<<<<
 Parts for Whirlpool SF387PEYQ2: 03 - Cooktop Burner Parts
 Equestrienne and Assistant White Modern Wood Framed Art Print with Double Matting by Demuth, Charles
>>>>
<<<<
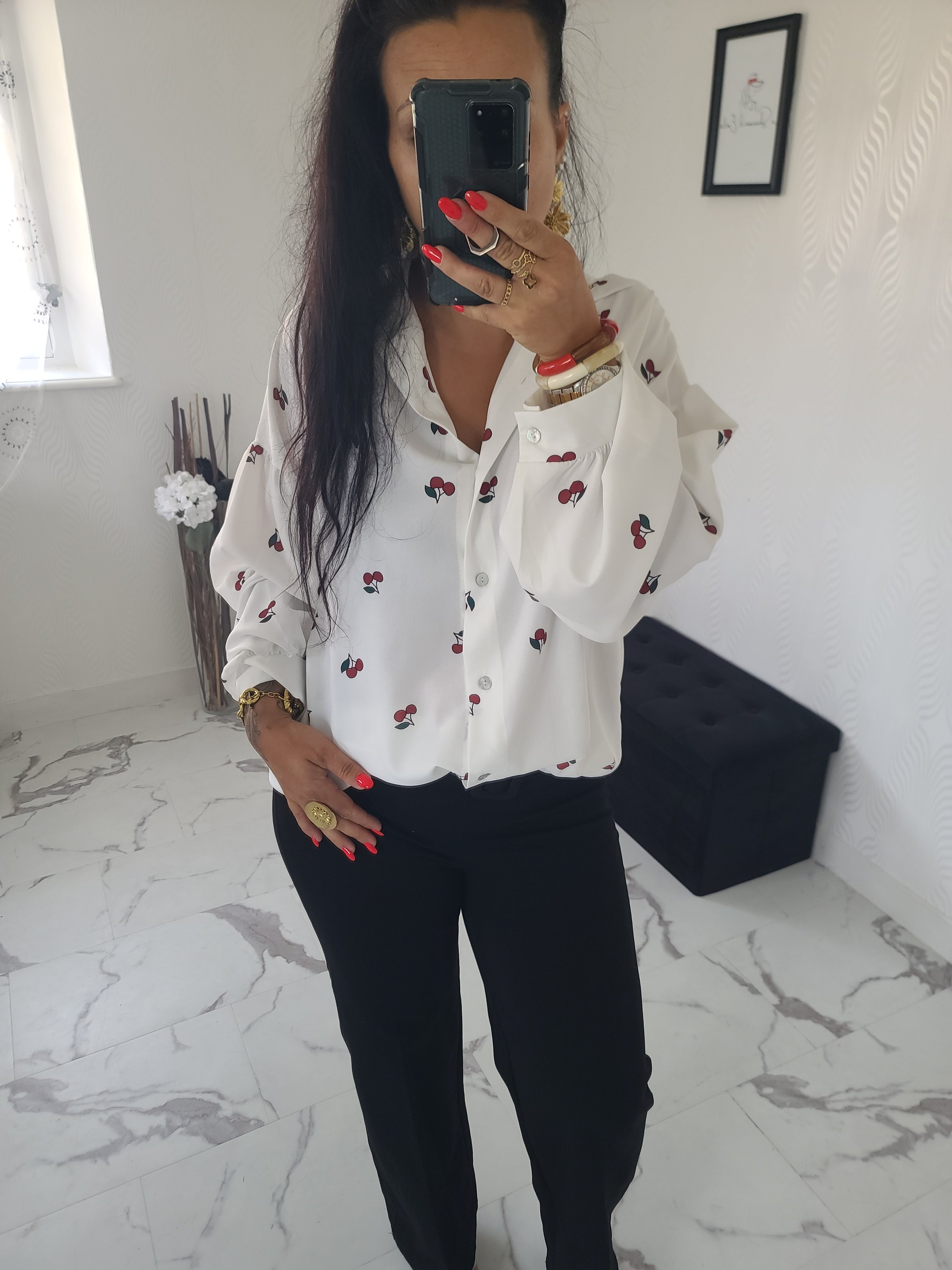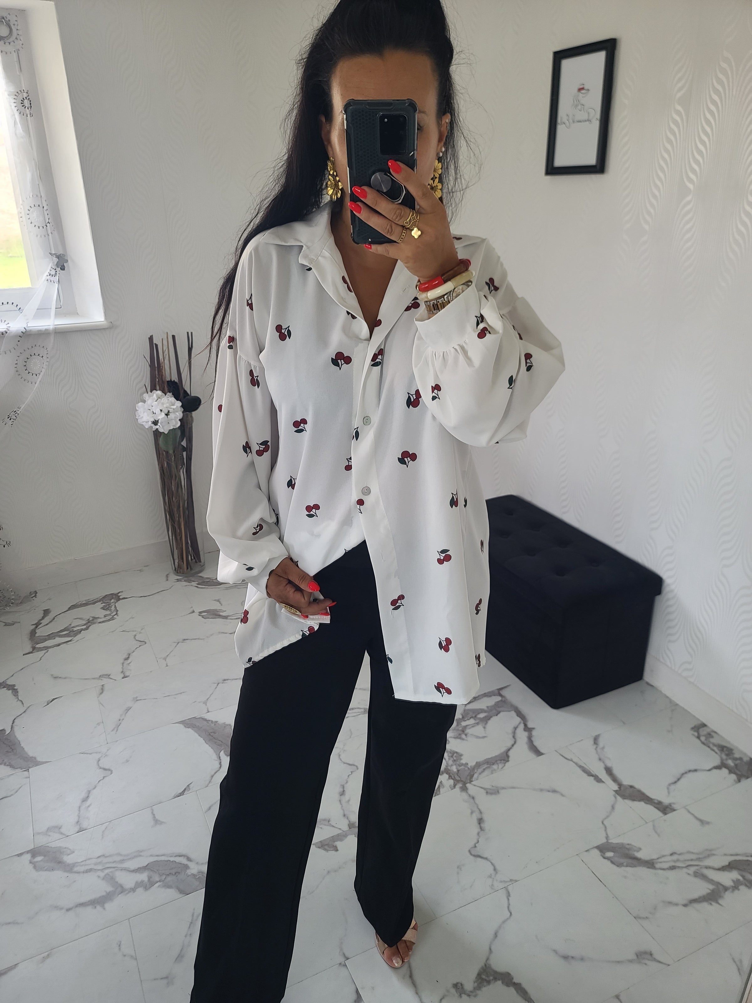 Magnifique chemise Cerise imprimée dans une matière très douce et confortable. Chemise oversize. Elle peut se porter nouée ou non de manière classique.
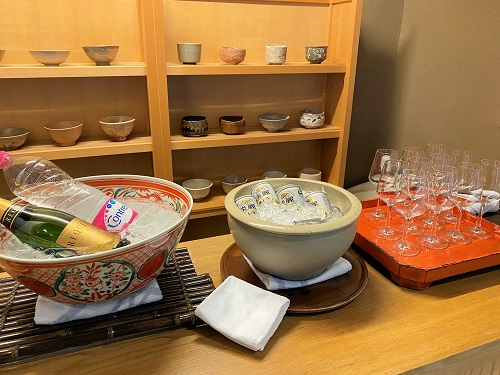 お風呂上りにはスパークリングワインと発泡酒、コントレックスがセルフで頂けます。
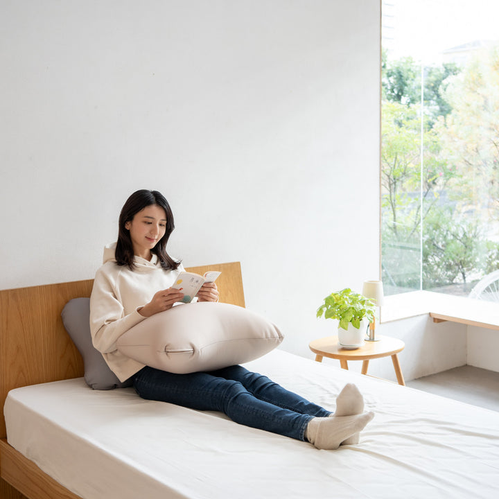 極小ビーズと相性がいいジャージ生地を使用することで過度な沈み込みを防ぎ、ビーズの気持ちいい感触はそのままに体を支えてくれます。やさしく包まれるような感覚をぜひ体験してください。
>>>>
(Exercise aim) Print, exactly, each line above from the one with "Magnifique chemise Cerise" to the one with "極小ビーズと相性がいいジャー", end lines included. Leave pictures out of it.

(Answer for the task)
 Magnifique chemise Cerise imprimée dans une matière très douce et confortable. Chemise oversize. Elle peut se porter nouée ou non de manière classique.
 お風呂上りにはスパークリングワインと発泡酒、コントレックスがセルフで頂けます。
 極小ビーズと相性がいいジャージ生地を使用することで過度な沈み込みを防ぎ、ビーズの気持ちいい感触はそのままに体を支えてくれます。やさしく包まれるような感覚をぜひ体験してください。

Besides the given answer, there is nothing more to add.